The typology shows that with respect to transnationalism , the ways of being and of belonging are linked, but not in a simple way. For the second generation it is again the inheritance of their parents’ networks and the way they are able to appropriate and later maintain the social ties that are crucial for their ways of belonging transculturally. The connection between both forms of transnationalism cannot be expressed in a direct correlation; there are cases where the transnational links are missing, but a transcultural belonging (based not on family links, but related, for instance, to culture in the sense of arts) is still expressed. Other cases connect both or are missing both. We could not find any case of existing transnational links without transcultural belonging. We think this is because of the case we examined: the second generation bases its networks and feelings of belonging, at least at the beginning, on the sense of origin inherited from their parents. Other transnational actors that build their social capital on a shared interest and not on a belief of descent and national/local belonging, such as business people or lifestyle groups, might maintain networks without a sense of belonging .

Third, we relied on the accounts, but also, in particular, on the drawings done by the interviewees to apprehend their notion of the spatial and social formation that spans their places of living and working and their family’ and friends’ places in Spain. A first point to note is that the spatial accounts evoked very concrete places in Spain, such as the street where the grandparents live, or the little stream where they used to play with other kids from the village when they were younger. Although we started the interviews by asking them about their relationship with Spain, it became clear that the places they always talked about were connected to stories in their biography. This might in itself not be a surprise, but it is an important point to consider when planning the data collection and when designing the instruments. Talking about Spain usually evoked a very abstract account whereas the concrete places were tied to emotional moments and memories along their biographies.
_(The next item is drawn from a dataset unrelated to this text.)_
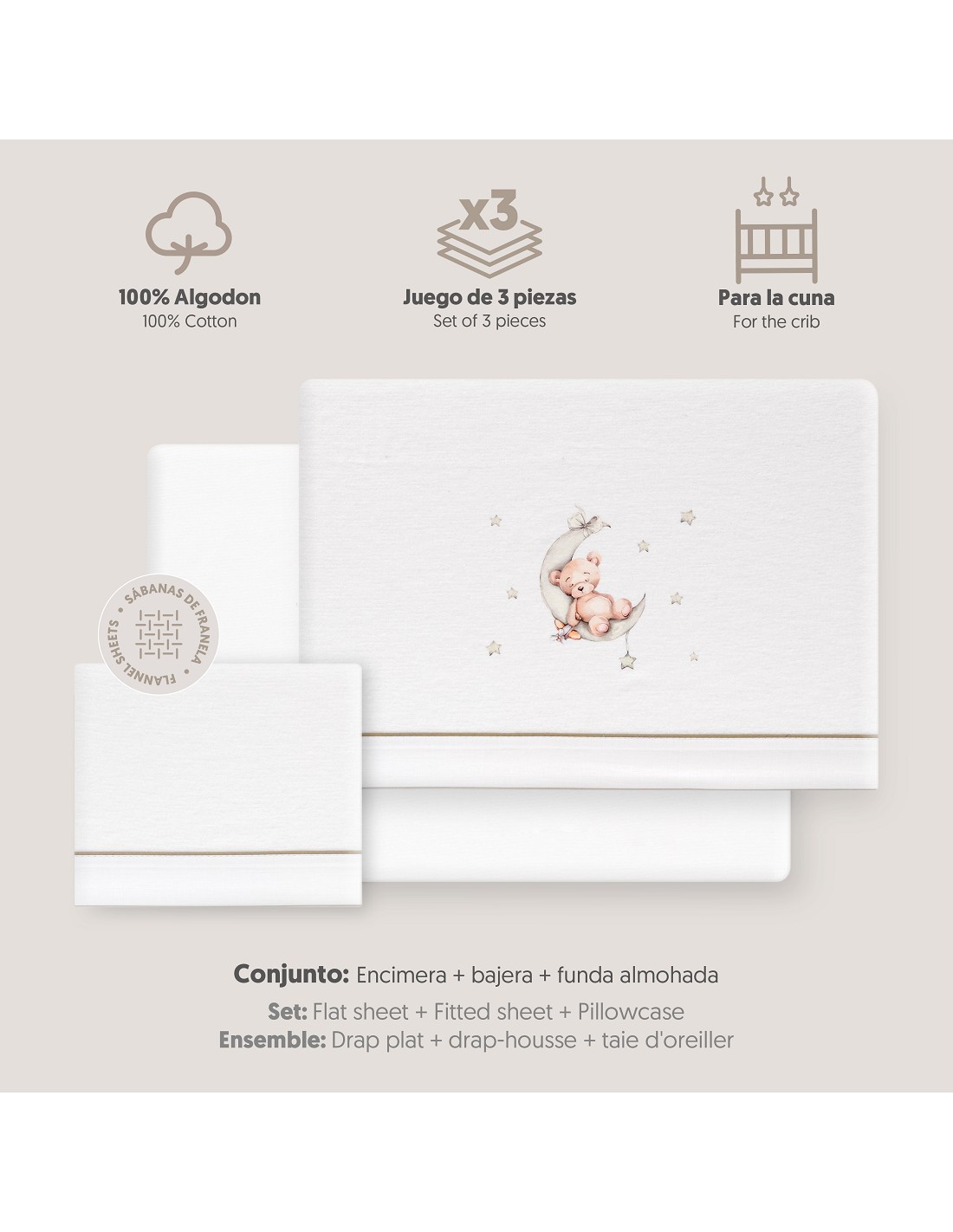 Compuesto por encimera (103 x 150 cm) , bajera (60 x 120 cm) y funda de almohada (60 x 30 cm). 100 % algodón. Lavar en frío.

Finally, the research also underlines the importance of researching a social phenomenon that is based on movement by “moving methods” (Tarrius 2001; Watts and Urry 2008). Even though the research question did not focus on movement, travelling between Switzerland and Spain plays an important part in maintaining the transnational ties. Therefore, movement lies in an implicit way at the very heart of the study, though it remains restricted to a few times per year and to roughly the same trajectories every time. The notion of the moving researcher seemed particularly important in our study. The travelling of the researcher that was part of phase 3 not only represented a method of gathering data, but also served as a common experience between the interviewees and the researcher. This common experience was the basis for the last phase to evoke notions of places, people, and the movement from one place to another as a way of connecting the nodes of these transnational networks.